2.2 The Continuity of service plan contains processes
and procedures to address both the more routine temporary suspension,
as well as measures to be taken in the event of critical failure.
While such a plan must look at the system as a whole, given that there
are three types of major system component in the LRIT system: the
IDE, the DDP server and the individual DCs, it should outline measures
to be taken in the event of, firstly, a temporary suspension or reduction
of the service provided of each of these individual components; and,
secondly, a disaster that results in a critical failure of each component.
2.3 The IDE is a message handling service that
facilitates the exchange of LRIT information amongst DCs to enable
LRIT Data Users to obtain the LRIT information they are entitled to
receive. The IDE routes LRIT information between DCs using the information
provided in the DDP. Any suspension of operations or reduction of
the service provided by the IDE has direct and immediate implications
across the entire LRIT system. A critical failure of the IDE without
a comprehensive disaster recovery plan would effectively shut down
the LRIT system. There is therefore a requirement for the IDE operator
to make significant and real time operational decisions 24 hours a
day, 365 days a year.
2.4 The DDP provides operational rules facilitating
the exchange of LRIT information between DCs. Unlike the IDE, a transient
failure of the DDP server to provide notifications and downloads of
the DDP would not necessarily completely prevent the LRIT system from
continuing to function, as messages can continue to be exchanged between
DCs via the IDE, disabling the DDP version number checking function.

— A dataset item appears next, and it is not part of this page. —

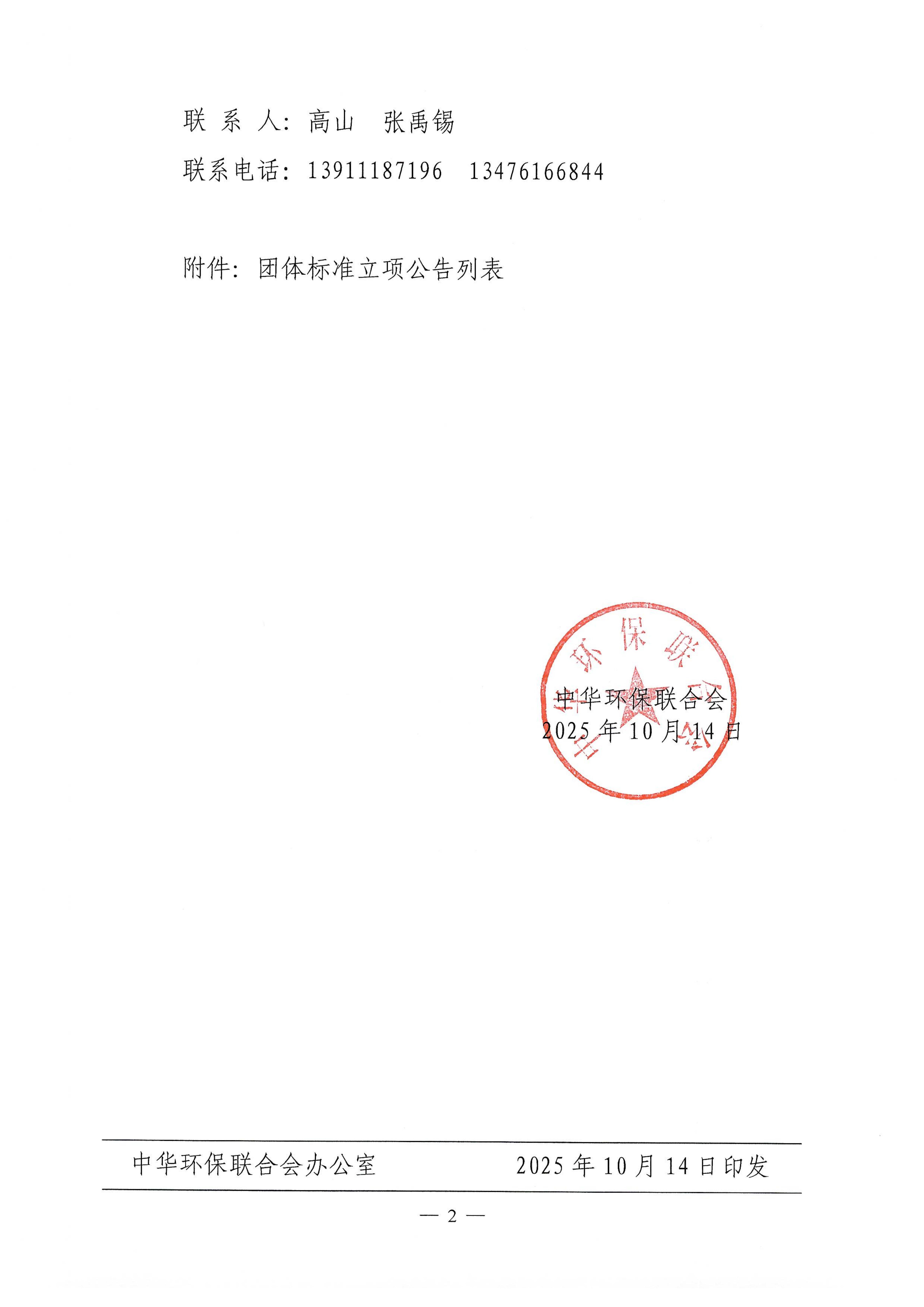 关于开展 2025年度中华环保联合会

2.5 However, the unavailability of the DDP server
could affect in particular DCs or the IDE, depending on the timing
and requirements of those components for obtaining the latest versions
of the DDP, potentially having serious ramifications on the normal
operation of the LRIT system as a whole.
2.6 Furthermore, for compliance with the provisions
of SOLAS regulation V/19-1, the availability of the DDP server should
be regarded as a priority equal to that of the IDE, in order to ensure
that the system is operating in accordance with the predetermined
rules at all times.
2.7 The Revised performance standards stipulate
that all DCs should establish and continuously maintain systems which
ensure, at all times, that LRIT Data Users are only provided with
the LRIT information they are entitled to receive as specified in
SOLAS regulation V/19-1. In order
to meet these requirements, DCs should have procedures and processes
in place to address planned or unplanned interruptions to their systems.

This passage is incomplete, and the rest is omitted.